İhlasın büyük bir güç ve kuvvet olduğunu haykırır 20. asra damgasını vuran Üstat: “Bütün kuvvetinizi ihlâsta ve hakta bilmelisiniz. Evet, kuvvet haktadır ve ihlâstadır. Haksızlar dahi, haksızlıkları içinde gösterdikleri ihlâs ve samimiyet yüzünden kuvvet kazanıyorlar.” der.
Takva, sadakat, sabır, azim, şükür ve tevekkül gibi hasletler de ihlâsın kardeşleridir. Aslında bütün iyi hasletlerin özünde bir DNA gibidir ihlas. Ruhun, kalbin ve iradenin motor gücü de denilebilir.

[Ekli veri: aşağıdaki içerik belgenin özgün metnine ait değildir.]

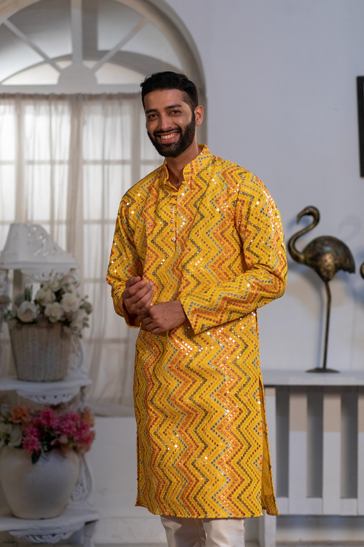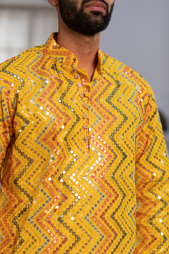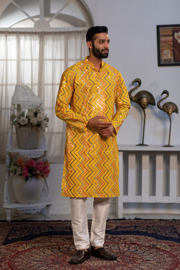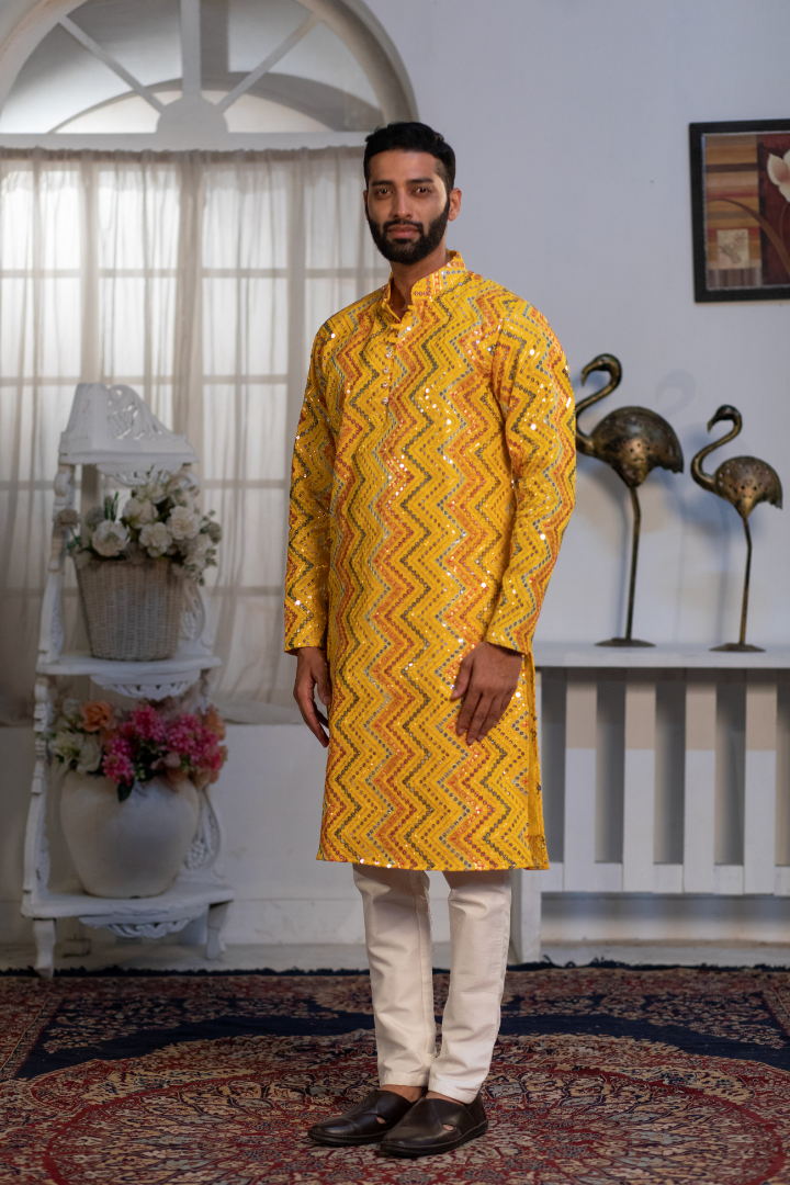 A radiant kurta in Tuscan sun shade with multi-colored sequin embroidery. The georgette base creates elegant movement.

Bu gücü kazanan, koruyan ve iyilik yolunda kullanabilen kimsenin önünü kesmeye şeytani güçlerin asla gücü yetmez. Zira ihlas atmosferi melekler ordusuyla koruma altındadır: “Rabbimiz Allah’tır” diyen, sonra da ihlas ve istikamet üzere yaşama kararlılığı gösterenlere gelince, onlara melekler sürekli inerler (ve derler ki): “Gelecek korkusu taşımayın, geçmişten dolayı da mahzun olmayın! Haydi sevinin size vaad edilmiş olan cennetle!”
Ne mutlu tam ihlası kazanıp Rabbine kullukta ve imanı temsilde güzel örnek olanlara.
Dipnotlar
[1] Sızıntı, Temmuz 1992, Cilt 14, Sayı 162.
[1] Buhârî, Büyû’, 3; Tirmizî, Kıyâmet 60/2518.
[1] Enbiya, 21/30.
[1] Furkan, 25/48.
[1] Kâf, 50/9.
[1] Nahl, 16/66.
[1] Ahmet Özer, Kırklar Serisi-01, Hulusi Yahyagil, Işık Yayınları.
[1] Bakara, 2/139; Yusuf, 12/24; Hicr, 15/40; Meryem, 19/51, 54; Saffât 37/40, 74, 128, 160.
[1] Bedîüzzaman S. N., Lem’alar, Yirmi Birinci Lem’a, “Üçüncü Düsturunuz”.
[1] Fussilet sûresi 41/30.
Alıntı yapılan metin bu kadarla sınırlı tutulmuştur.